[Stored data]
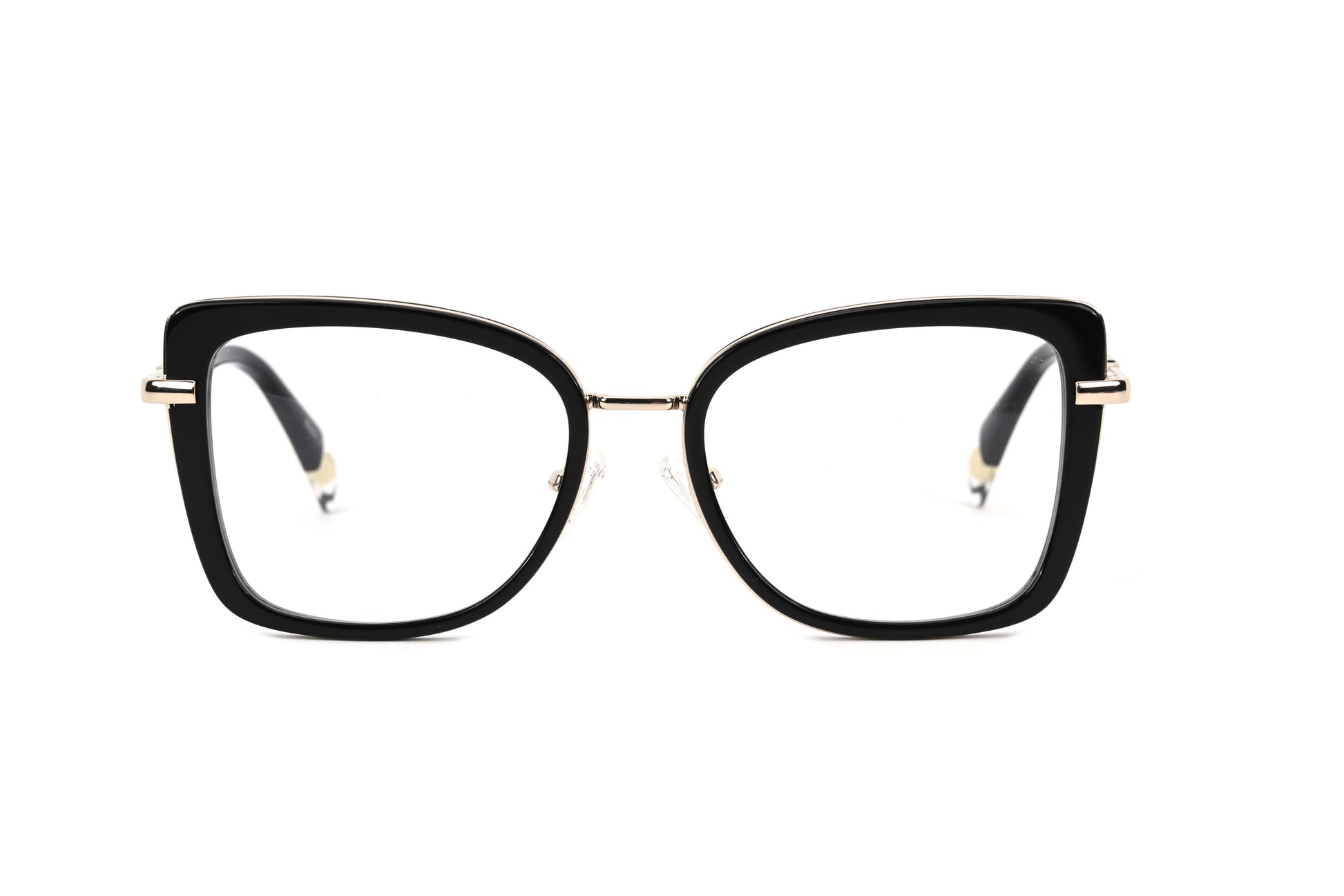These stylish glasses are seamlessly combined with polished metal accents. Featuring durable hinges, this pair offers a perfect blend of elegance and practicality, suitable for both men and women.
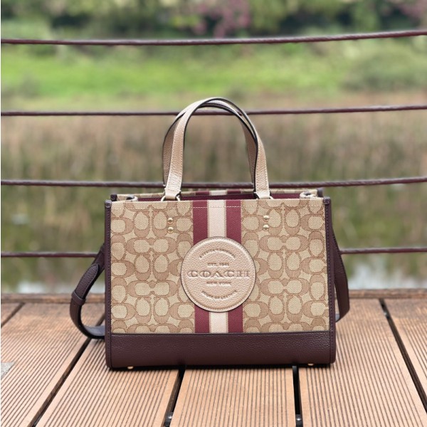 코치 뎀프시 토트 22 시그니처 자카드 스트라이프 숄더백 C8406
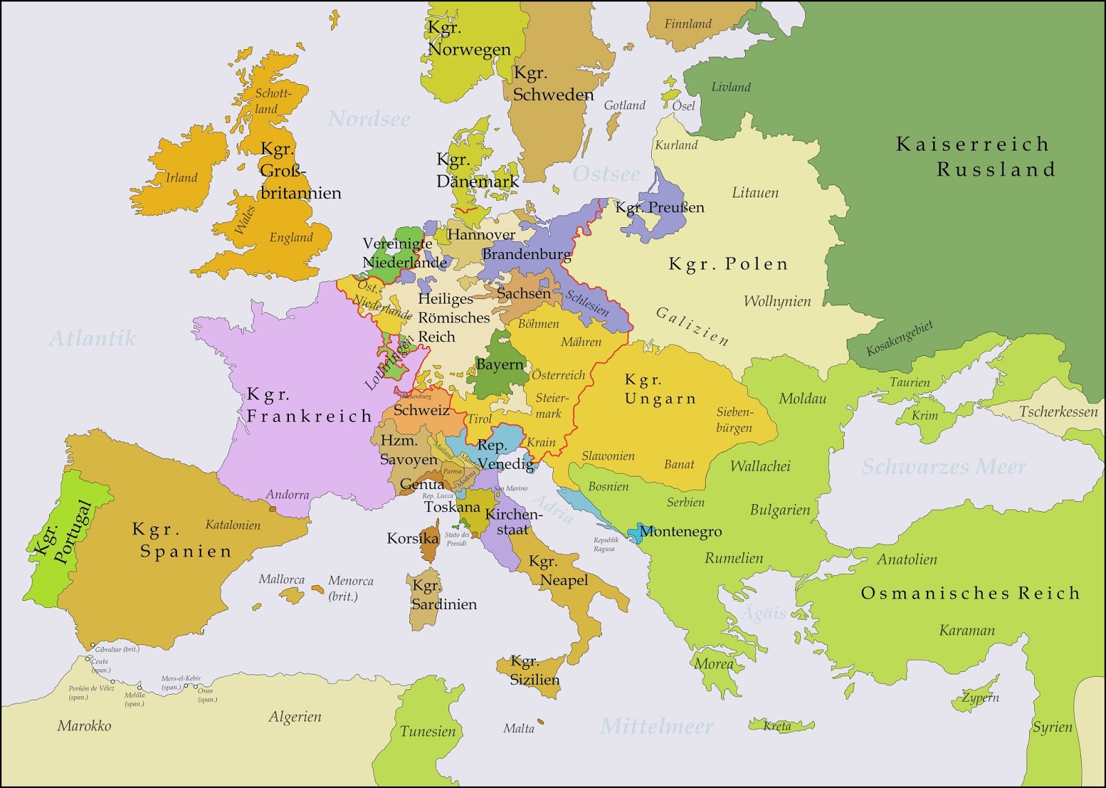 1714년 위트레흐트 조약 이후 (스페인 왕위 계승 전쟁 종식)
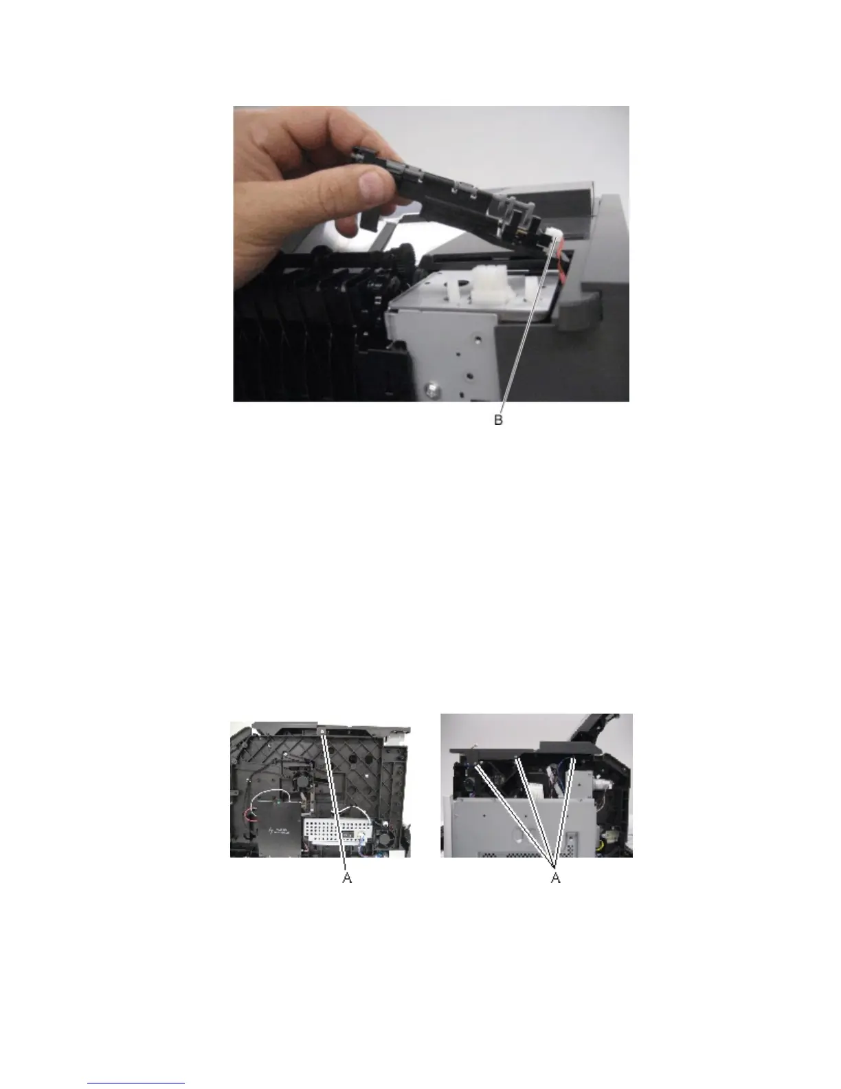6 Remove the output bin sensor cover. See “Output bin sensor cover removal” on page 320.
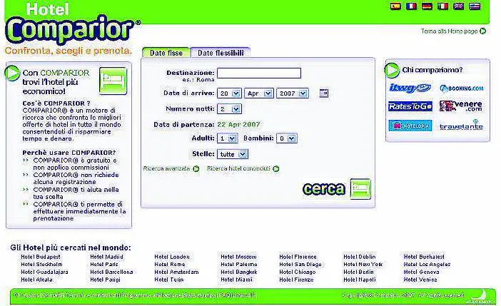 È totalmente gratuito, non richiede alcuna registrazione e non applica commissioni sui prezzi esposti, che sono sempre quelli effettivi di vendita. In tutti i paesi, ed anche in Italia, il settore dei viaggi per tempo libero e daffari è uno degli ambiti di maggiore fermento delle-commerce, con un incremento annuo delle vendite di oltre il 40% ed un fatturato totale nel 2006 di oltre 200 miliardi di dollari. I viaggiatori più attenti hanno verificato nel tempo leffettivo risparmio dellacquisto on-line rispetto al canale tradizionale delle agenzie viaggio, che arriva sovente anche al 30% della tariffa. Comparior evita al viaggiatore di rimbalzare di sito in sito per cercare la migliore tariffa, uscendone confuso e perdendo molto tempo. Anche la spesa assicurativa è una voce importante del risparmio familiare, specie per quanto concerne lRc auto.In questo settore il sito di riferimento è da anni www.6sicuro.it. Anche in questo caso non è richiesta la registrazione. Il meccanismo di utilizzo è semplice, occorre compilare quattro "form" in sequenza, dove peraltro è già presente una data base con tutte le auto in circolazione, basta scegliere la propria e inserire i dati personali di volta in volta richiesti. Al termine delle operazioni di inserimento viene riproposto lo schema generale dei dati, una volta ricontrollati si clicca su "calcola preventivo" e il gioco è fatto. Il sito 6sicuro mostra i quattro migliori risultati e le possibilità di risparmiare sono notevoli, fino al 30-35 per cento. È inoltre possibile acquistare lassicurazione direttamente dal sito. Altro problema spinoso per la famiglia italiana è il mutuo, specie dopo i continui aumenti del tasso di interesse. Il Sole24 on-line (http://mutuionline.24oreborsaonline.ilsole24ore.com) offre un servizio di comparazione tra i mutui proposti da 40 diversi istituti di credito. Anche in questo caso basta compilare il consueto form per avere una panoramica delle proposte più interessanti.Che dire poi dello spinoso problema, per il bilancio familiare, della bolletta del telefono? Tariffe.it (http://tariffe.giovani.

- _EXERCISE DIRECTIONS_:
Copy nothing but the lines from the start of the entries through the line with "6 Remove the". Write them out exactly, without pictures.

- _RESPONSE TO THE TASK_:
These stylish glasses are seamlessly combined with polished metal accents. Featuring durable hinges, this pair offers a perfect blend of elegance and practicality, suitable for both men and women.
 코치 뎀프시 토트 22 시그니처 자카드 스트라이프 숄더백 C8406
 1714년 위트레흐트 조약 이후 (스페인 왕위 계승 전쟁 종식)
6 Remove the output bin sensor cover. See “Output bin sensor cover removal” on page 320.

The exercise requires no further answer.